We currently have a field that can be edited by the administrator of each ITAD called "Directory URL", and we also have a larger free-form field called "Number format". Both of these could easily be integrated in the same way as TXT records. Please take a look at your ITAD settings page on the freenum.org site for these fields.

Any suggestions as to what the identifier should be called? I suspect it will be difficult, if not impossible, to make a machine readable version of "Number format" since REGEXPs are overkill and frankly nobody will update them, given my experience with everything else in the database.

2. the standard that the "0" extension always gets you to some
sort of informational message about what to dial, or to an
IVR of some sort, or to a human attendant.

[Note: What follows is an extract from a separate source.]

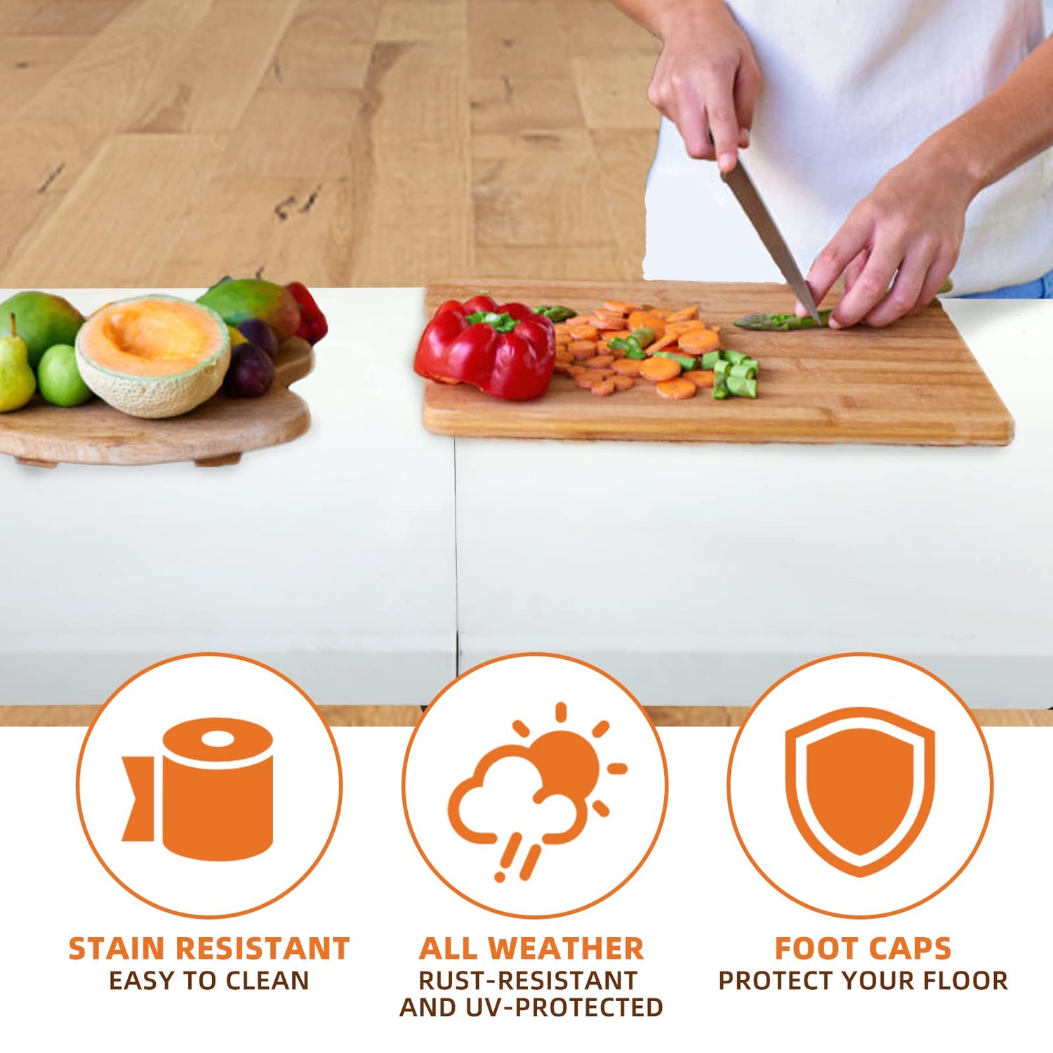 - 【RUGGED & STURDY】 Made of heavy duty blow molded High Density Polyethylene (HDPE), 20% thicker and stronger than those fragile hollow tables. The surface is waterproof, scratch and impact resistant.The folding table with Powder-coated steel legs, the camping table frame joint locks, and non-slip rubber feet help to keep the plastic table in place during every event.

A "Best Common Practices" set of extensions is indeed something that has been mentioned in the past. Much like "postmaster", "webmaster", etc. have from RFC2142 (http://www.faqs.org/rfcs/rfc2142.html) However, it is highly advised to avoid region-specific assumptions. RFC2142 is biased towards English, which is a significant downside to that RFC, IMO. We have the luxury of being numeric-only, but I'd hate to specify a set of numeric defaults that are region-biased. For instance, "411" is not the number for directory assistance in many nations.

What is the set of desirable extensions to have as suggested (but not mandatory) destinations? I agree that "0" is an obvious directory/receptionist/IVR destination. What others?

JT

#2 is already the case at my ITAD, at MIT's, at NPR's, at Octothorp,
and probably at many others.

But of course, there's no way to enforce any such thing.